Records for processing Start Marker
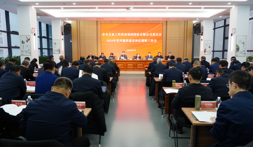 2月3日,甘肅工程咨詢集團召開2024年黨風廉政建設和反腐敗工作會議。集團公司黨委書記、董事長馬明出席會議并講話,黨委副書記、總經理張佩峰主持會議,紀委書記、監察專員師宗正作紀檢監察工作報告,其他領導班子成員參加會議。會議傳達學習二十屆中央紀委三次全會、十四屆省紀委三次全體會議、省國資國企黨風廉政建設和反腐敗工作會議精神,全面總結了2023年工作,安排部署了2024年重點任務,并開展了警示教育。
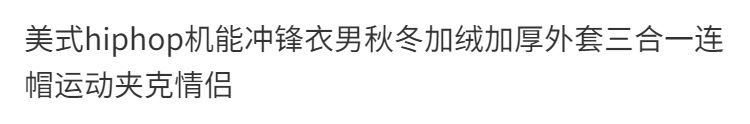 미국식 힙합 기능성 폭행 재킷 남성 가을과 겨울 기모 두꺼운 재킷 3 대 1 후드 스포츠 재킷 연인을위한스토어 가기
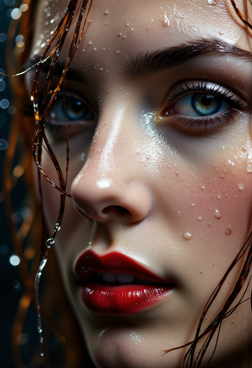 A striking and intimate portrait of a woman's face captures the essence of a her features amidst the turmoil of a rainy day. Her long, wet auburn hair hangs limply over one side of her face, as though weighed down by the relentless precipitation - this tangled mass creates a sense of dynamic movement around her stillness. Her eyes are sapphire jewels that stare directly into the viewer's soul, piercing and intense. The deep blue irises seem almost otherworldly against the dark backdrop of the rainy day, drawing attention to their captivating beauty. Her lips are painted with a bold, crimson red lipstick that adds a touch of sensuality to her already alluring presence. The mouth is slightly open, revealing a hint of vulnerability and tension - this subtle gesture conveys a sense of strain or perhaps frustration amidst the downpour. Rainwater runs down her face, creating tiny rivulets that accentuate the delicate curves of her features. The overall effect is one of stark contrast between her vibrant, inner world and the dismal, rainy day that surrounds her. The extreme close-up creates an intense, personal connection with the viewer, drawing them into the intimate space shared by this woman and the rain-soaked atmosphere. Every detail - from the tangled hair to the rivulets of rainwater - invites the viewer to explore the intricate beauty of the image.
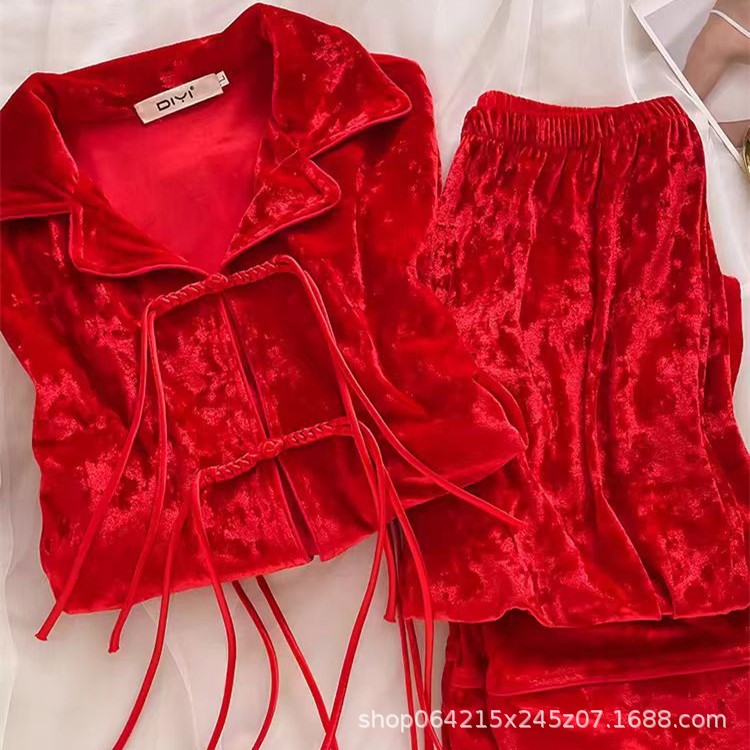 새로운 벨벳 중국 스타일 국가 스타일 달콤한 잠옷 여성의 봄 가을과 겨울 황금 벨벳 홈 의류 세트 레드 다이아몬드 벨벳 파자마
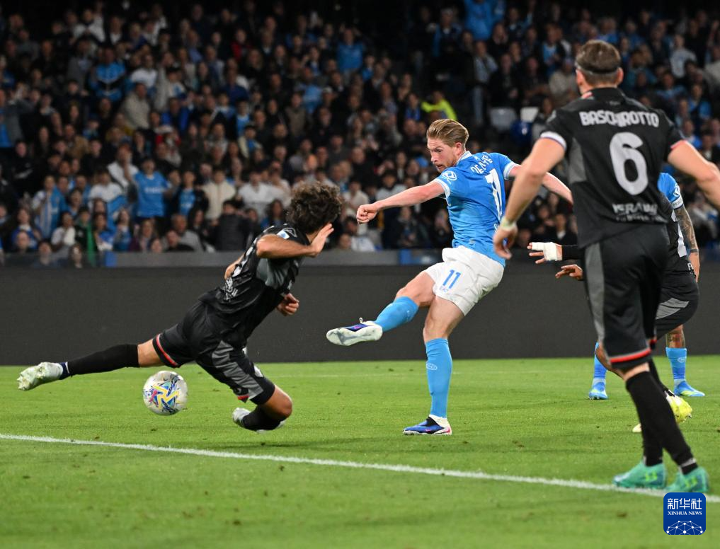 4月24日,那不勒斯队球员德布劳内(左二)在比赛中射门得分。
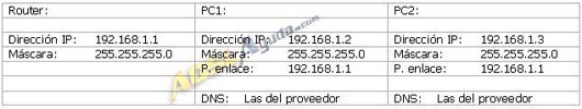 A apartir de aquí, podremos ir añadiendo PCs hasta el límite que permita el punto de acceso o router, según el proceso anterior. Si usamos el servidor DHCP del aparato, él mismo se encargará de gestionar las IPs de cada PC añadido. En el caso de que queramos que la configuración sea manual, tendremos que ir configurando las propiedades del TCP/IP de la tarjeta de red de cada PC individualmente, según la tabla (a modo de ejemplo):
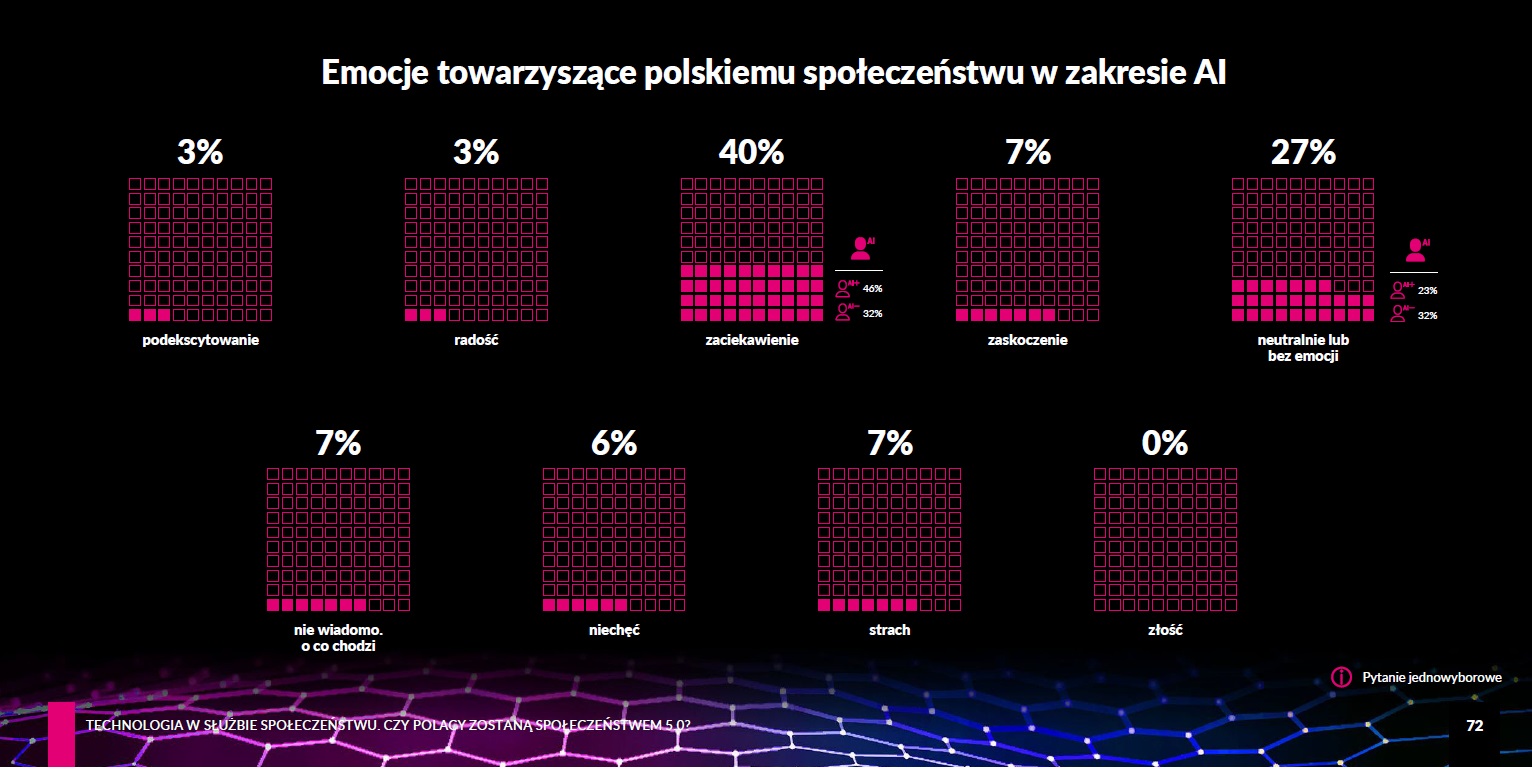 Sztuczna inteligencja nam na ogół nie przeszkadza. Toleruje ją 41% badanych, a 34% akceptuje. Do tego 7% pochwala, a 3% mocno popiera. Stanowczy sprzeciw wyraża 4% osób, a AI nie pochwala 11%. Dodajmy do tego, że sztuczna inteligencja nas ciekawi i to właśnie ciekawość wskazuje 40% badanych jako emocje towarzyszące temu zagadnieniu.
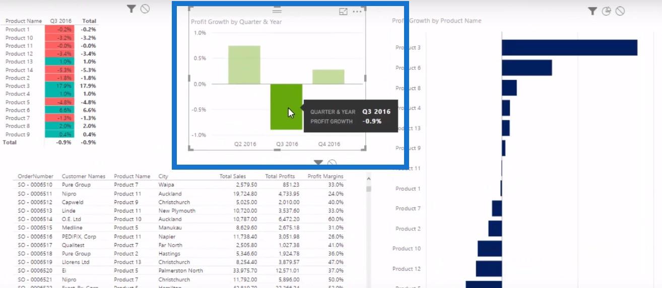 一旦我們將 Profit Growth 拖到表格中,它現在將反映增長,無論是擴張還是收縮。這很酷,對吧?
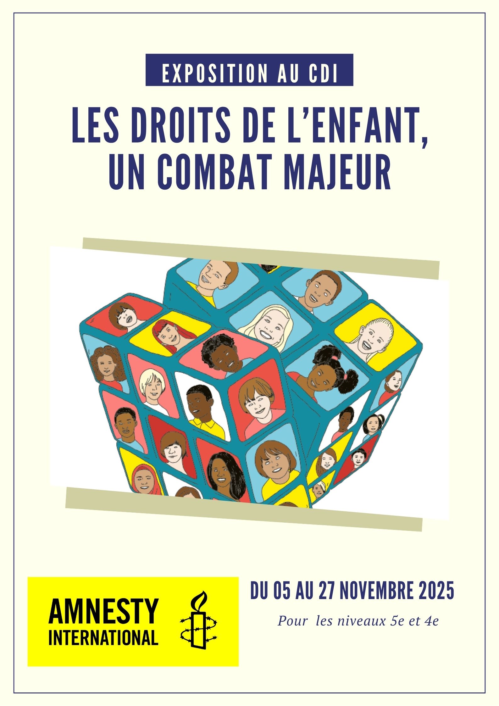 L’exposition « Les droits de l’enfant, un combat majeur » est une exposition en quinze affiches, proposée par l'ONG Amnesty International France. Elle présente l’histoire des droits de l'enfant dans le monde et les garanties associées à la CIDE (Convention internationale des droits de l’enfant), texte international qui défend ces droits depuis 1989. Elle met également l’accent sur neuf thématiques concernant l'enfance (l'exil, la citoyenneté, le travail, la guerre, la justice des mineurs, les soins, l'identité, l'égalité des droits, l'école), en précisant les constats et les enjeux. L’objectif de cette exposition est de faire connaître les principaux articles de ce texte et de susciter une large mobilisation en faveur des droits de l’enfant à travers le monde.
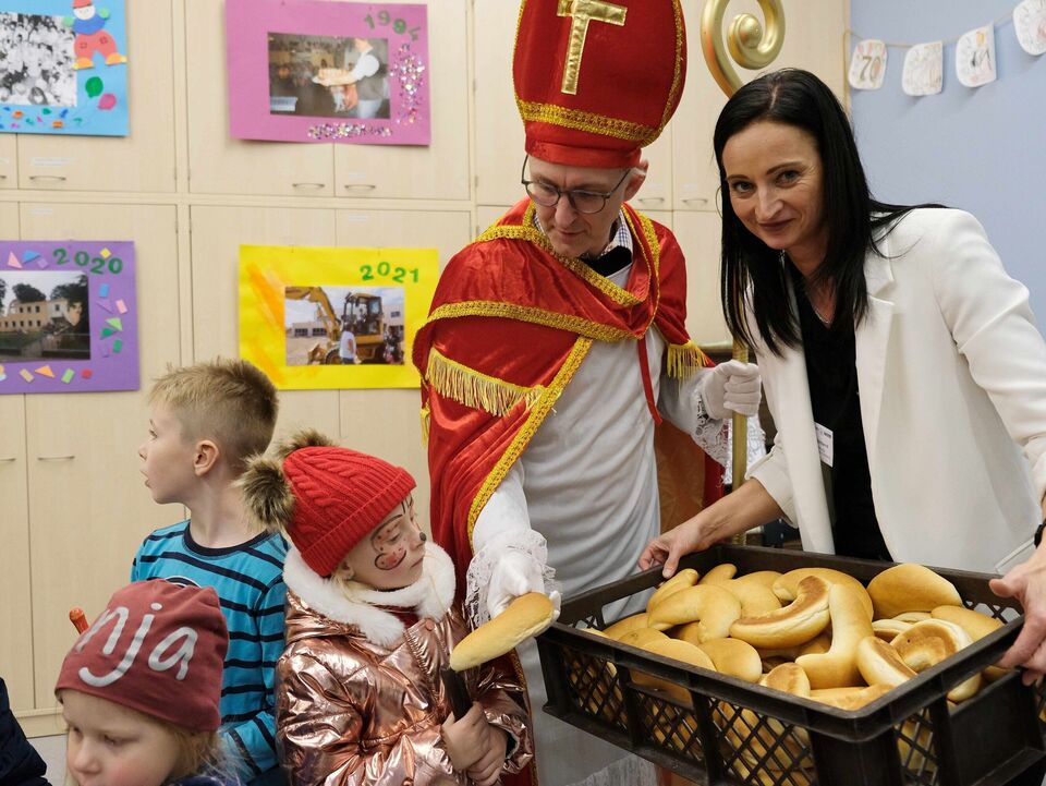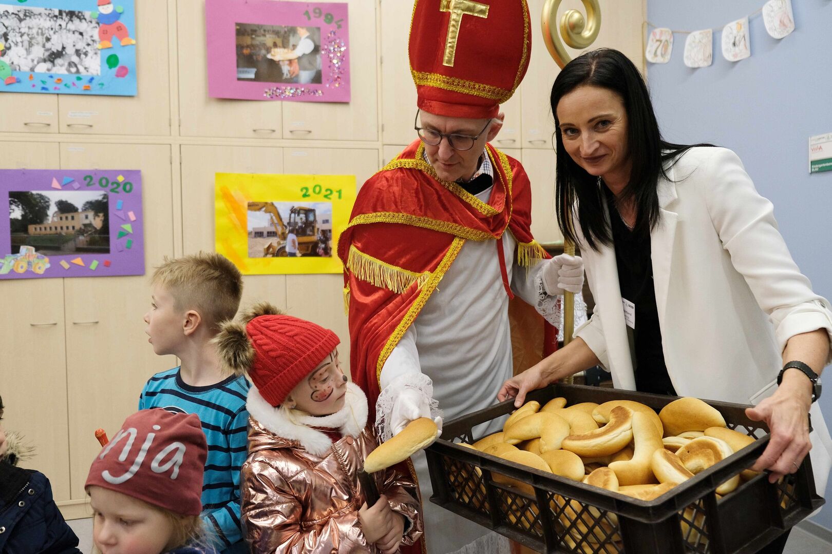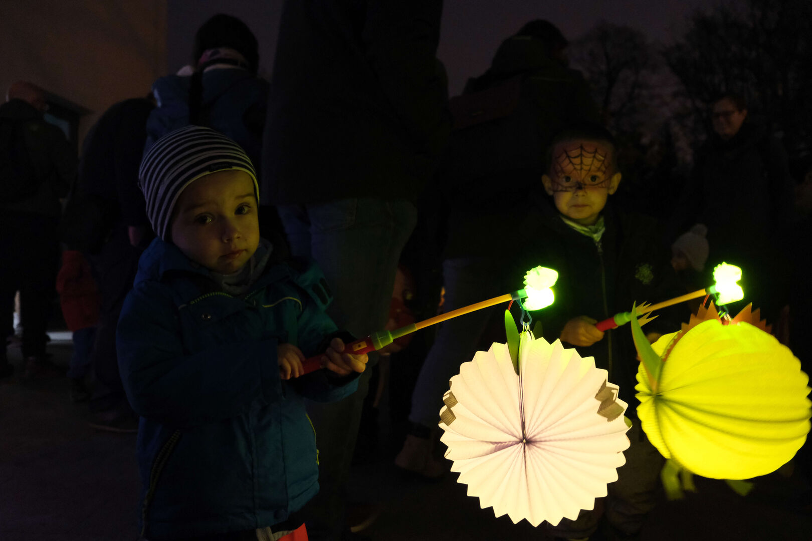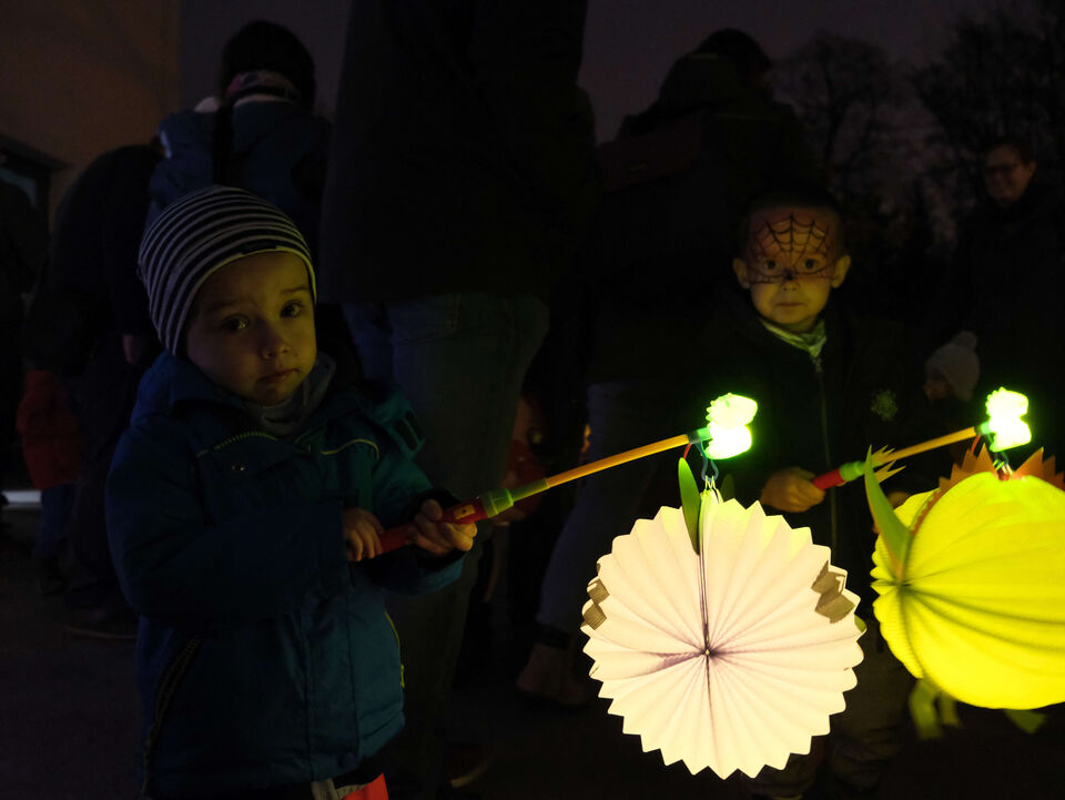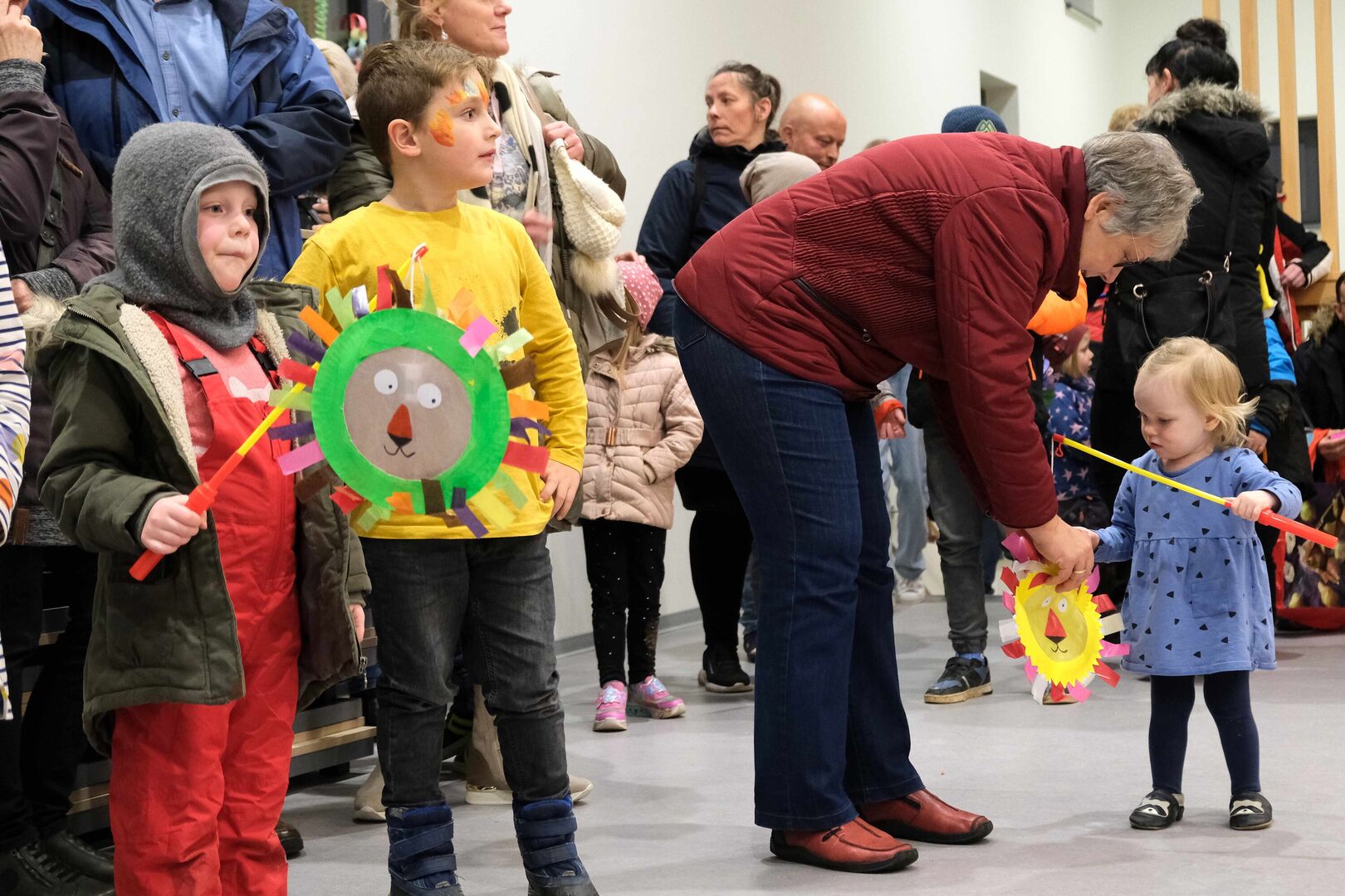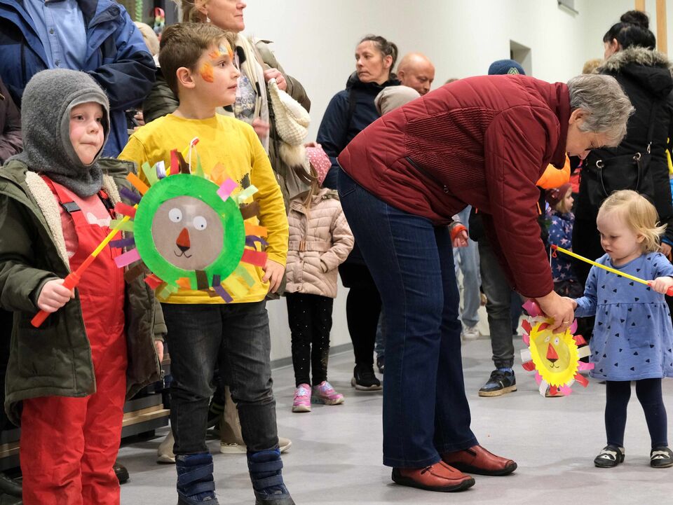 Mit Einbruch der Dunkelheit versammelten sich noch einmal alle im großen Mehrzweckraum, wo bereits der Heilige Martin (alias Dompfarrer Dr. Gunnar Wiegand) wartete, um nach einer weiteren Aufführung des Martinsstückes die traditionellen Martinshörnchen auszuteilen. Danach zogen Eltern und Kinder mit ihren Laternen in den Garten und von dort in einem langen Martinszug durchs Quartier.
Records for processing End Marker
[Task statement]: What should come back is an exact copy of the lines above from the line with "4月24日,那不勒斯队球员德布劳内(左二)在比赛中射门得分。" to the line with "travers le monde.", both included, minus the pictures.

[Written response]:
 4月24日,那不勒斯队球员德布劳内(左二)在比赛中射门得分。
 A apartir de aquí, podremos ir añadiendo PCs hasta el límite que permita el punto de acceso o router, según el proceso anterior. Si usamos el servidor DHCP del aparato, él mismo se encargará de gestionar las IPs de cada PC añadido. En el caso de que queramos que la configuración sea manual, tendremos que ir configurando las propiedades del TCP/IP de la tarjeta de red de cada PC individualmente, según la tabla (a modo de ejemplo):
 Sztuczna inteligencja nam na ogół nie przeszkadza. Toleruje ją 41% badanych, a 34% akceptuje. Do tego 7% pochwala, a 3% mocno popiera. Stanowczy sprzeciw wyraża 4% osób, a AI nie pochwala 11%. Dodajmy do tego, że sztuczna inteligencja nas ciekawi i to właśnie ciekawość wskazuje 40% badanych jako emocje towarzyszące temu zagadnieniu.
 一旦我們將 Profit Growth 拖到表格中,它現在將反映增長,無論是擴張還是收縮。這很酷,對吧?
 L’exposition « Les droits de l’enfant, un combat majeur » est une exposition en quinze affiches, proposée par l'ONG Amnesty International France. Elle présente l’histoire des droits de l'enfant dans le monde et les garanties associées à la CIDE (Convention internationale des droits de l’enfant), texte international qui défend ces droits depuis 1989. Elle met également l’accent sur neuf thématiques concernant l'enfance (l'exil, la citoyenneté, le travail, la guerre, la justice des mineurs, les soins, l'identité, l'égalité des droits, l'école), en précisant les constats et les enjeux. L’objectif de cette exposition est de faire connaître les principaux articles de ce texte et de susciter une large mobilisation en faveur des droits de l’enfant à travers le monde.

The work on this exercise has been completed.